The copy has to match the records word for word and include no pictures.

——————————

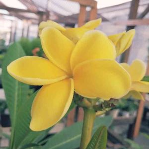 近所のショッピングセンターで売っていたプルメリア。接ぎ木でしたが良く咲いていました。
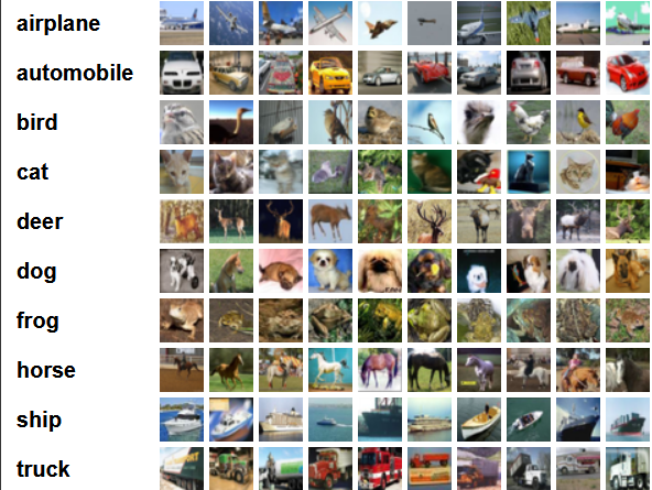 cifar数据集共有60000张彩色图像,这些图像是32*32,分为10个类,每类6000张图。有50000张用于训练,构成了5个训练批,每一批10000张图;另外10000用于测试,单独构成一批。测试批的数据里,取自10类中的每一类,每一类随机取1000张。抽剩下的就随机排列组成了训练批。注意一个训练批中的各类图像并不一定数量相同,总的来看训练批,每一类都有5000张图。
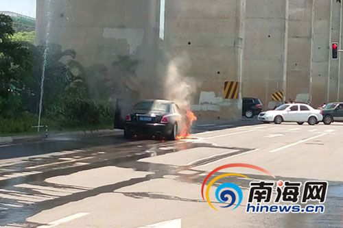 海口南海大道一劳斯莱斯轿车发生自燃 未有人员伤亡
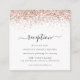 Rose Gold Glitter Script Wedding Reception Details. A handy mini size to pop in with your invitations to let guests know reception details, this design has an elegant script with swashes for the main header. Easily personalise all the text. A border of faux glitter in rose gold is at the top on each side.
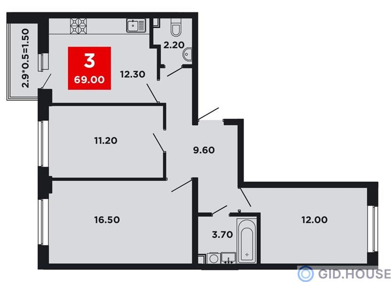 3-комнатная — 69,4 м² 1/12 эт. в Красная площадь
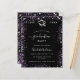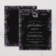 卒業モダン会エレガントの招待状。紫の紫の紫飾色のグリッターの塵を持つ黒いフェイク背景。名前、年、および詳細のパーソナライズおよび追加。
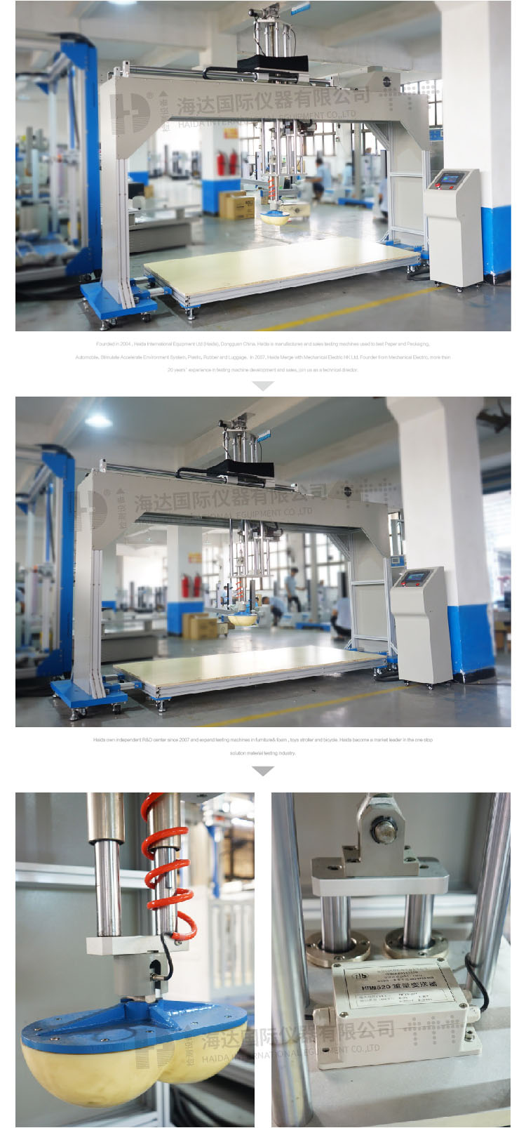 用特定的加載塊反復(fù)對床墊進(jìn)行沖擊,評估其耐用性,和彈簧的堅(jiān)牢保持度。 設(shè)計(jì)標(biāo)準(zhǔn):ASTM F 1566-2009 | ||
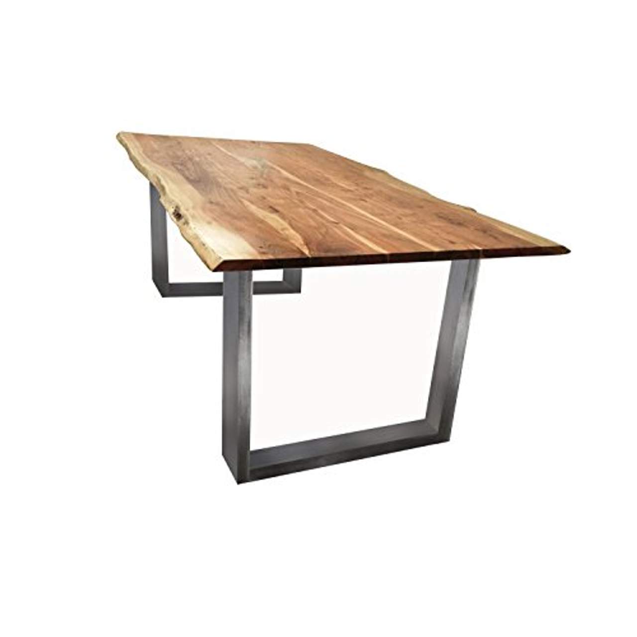 Das Gestell dieses außergewöhnlichen Esstisches besteht aus Stahl und bietet zuverlässigen Halt für die massive Akazienholz-Tischplatte. Mit einer Rahmenbreite von 74 cm lenkt die Metallkonstruktion nicht von der eleganten Holztischplatte ab, sondern ergänzt sie und sorgt für Stabilität.
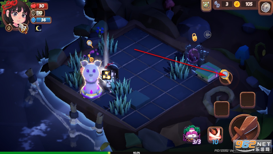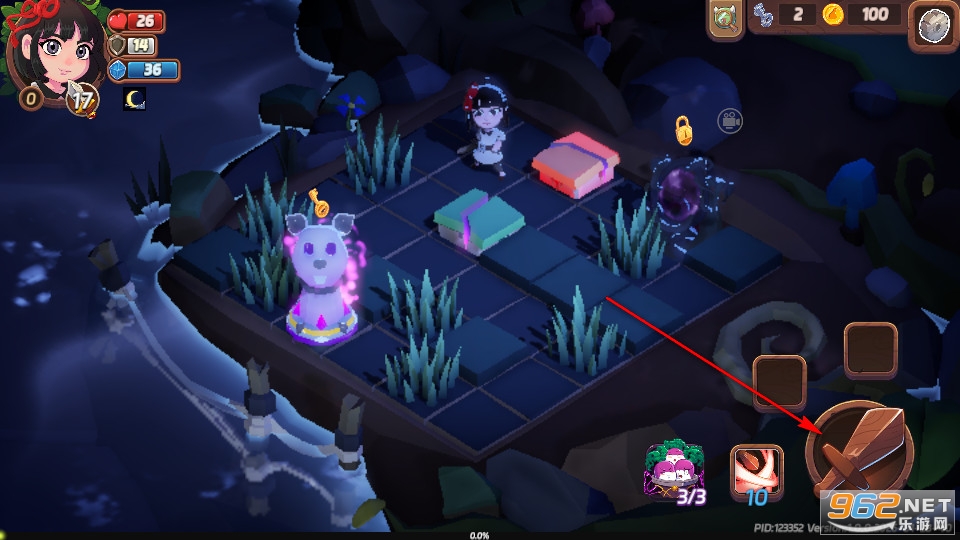 在游戏冒险中点击右下角木剑图标玩家即可发动技能和普通攻击清理怪物和障碍。
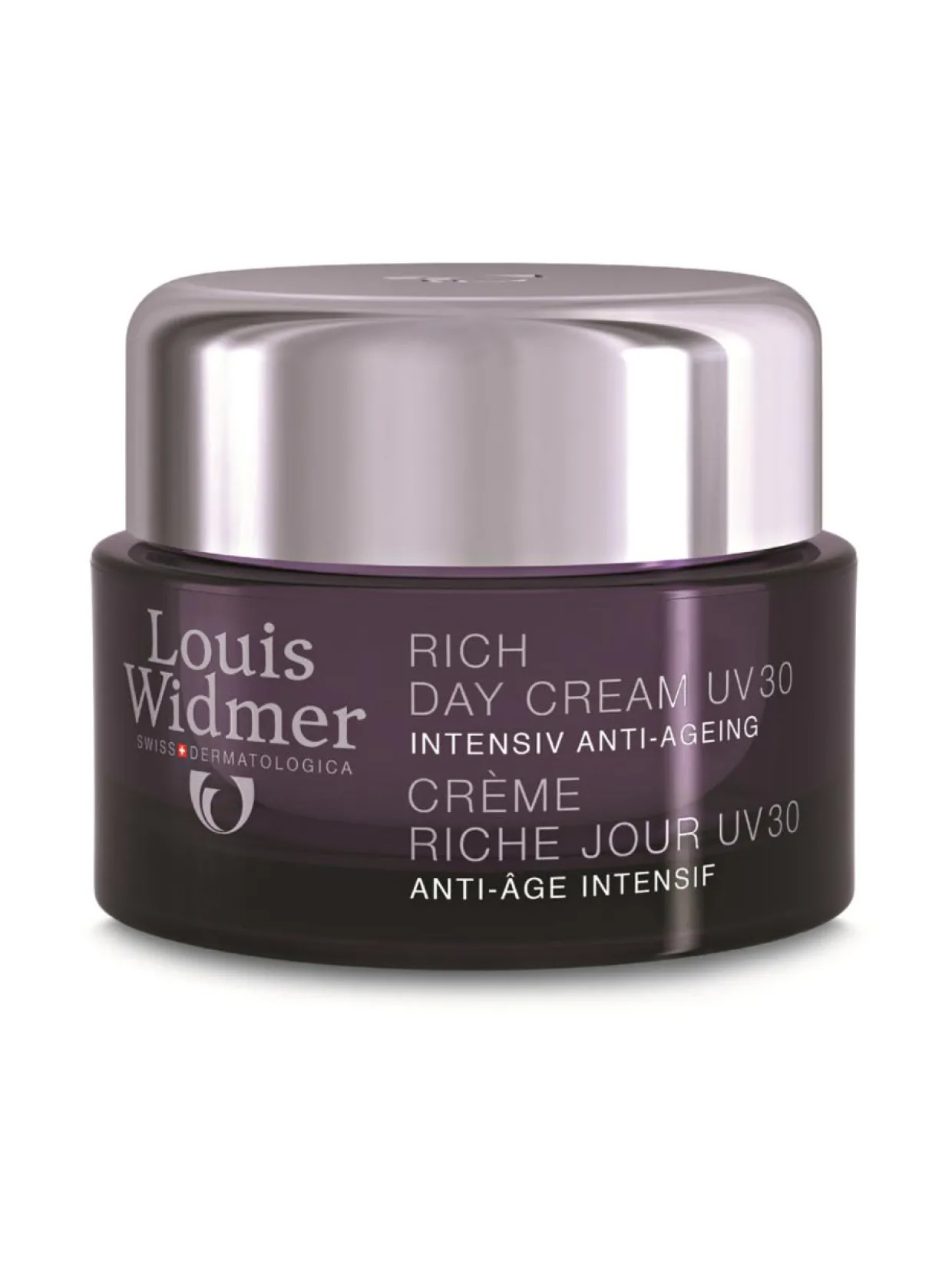 Louis Widmer Rich Day Cream UV 30 on intensiivisesti uudistava ja kosteuttava anti-age -päivävoide SPF30-suojakertoimella normaalille ja kuivalle iholle. Syväkorjaavat tehoaineet ja teknologia: tuloksena täyteläinen, kiinteämpi iho.

——————————

Output for this task –
 近所のショッピングセンターで売っていたプルメリア。接ぎ木でしたが良く咲いていました。
 cifar数据集共有60000张彩色图像,这些图像是32*32,分为10个类,每类6000张图。有50000张用于训练,构成了5个训练批,每一批10000张图;另外10000用于测试,单独构成一批。测试批的数据里,取自10类中的每一类,每一类随机取1000张。抽剩下的就随机排列组成了训练批。注意一个训练批中的各类图像并不一定数量相同,总的来看训练批,每一类都有5000张图。
 海口南海大道一劳斯莱斯轿车发生自燃 未有人员伤亡
 Rose Gold Glitter Script Wedding Reception Details. A handy mini size to pop in with your invitations to let guests know reception details, this design has an elegant script with swashes for the main header. Easily personalise all the text. A border of faux glitter in rose gold is at the top on each side.
 3-комнатная — 69,4 м² 1/12 эт. в Красная площадь
 卒業モダン会エレガントの招待状。紫の紫の紫飾色のグリッターの塵を持つ黒いフェイク背景。名前、年、および詳細のパーソナライズおよび追加。
 用特定的加載塊反復(fù)對床墊進(jìn)行沖擊,評估其耐用性,和彈簧的堅(jiān)牢保持度。 設(shè)計(jì)標(biāo)準(zhǔn):ASTM F 1566-2009 | ||
 Das Gestell dieses außergewöhnlichen Esstisches besteht aus Stahl und bietet zuverlässigen Halt für die massive Akazienholz-Tischplatte. Mit einer Rahmenbreite von 74 cm lenkt die Metallkonstruktion nicht von der eleganten Holztischplatte ab, sondern ergänzt sie und sorgt für Stabilität.
 在游戏冒险中点击右下角木剑图标玩家即可发动技能和普通攻击清理怪物和障碍。
 Louis Widmer Rich Day Cream UV 30 on intensiivisesti uudistava ja kosteuttava anti-age -päivävoide SPF30-suojakertoimella normaalille ja kuivalle iholle. Syväkorjaavat tehoaineet ja teknologia: tuloksena täyteläinen, kiinteämpi iho.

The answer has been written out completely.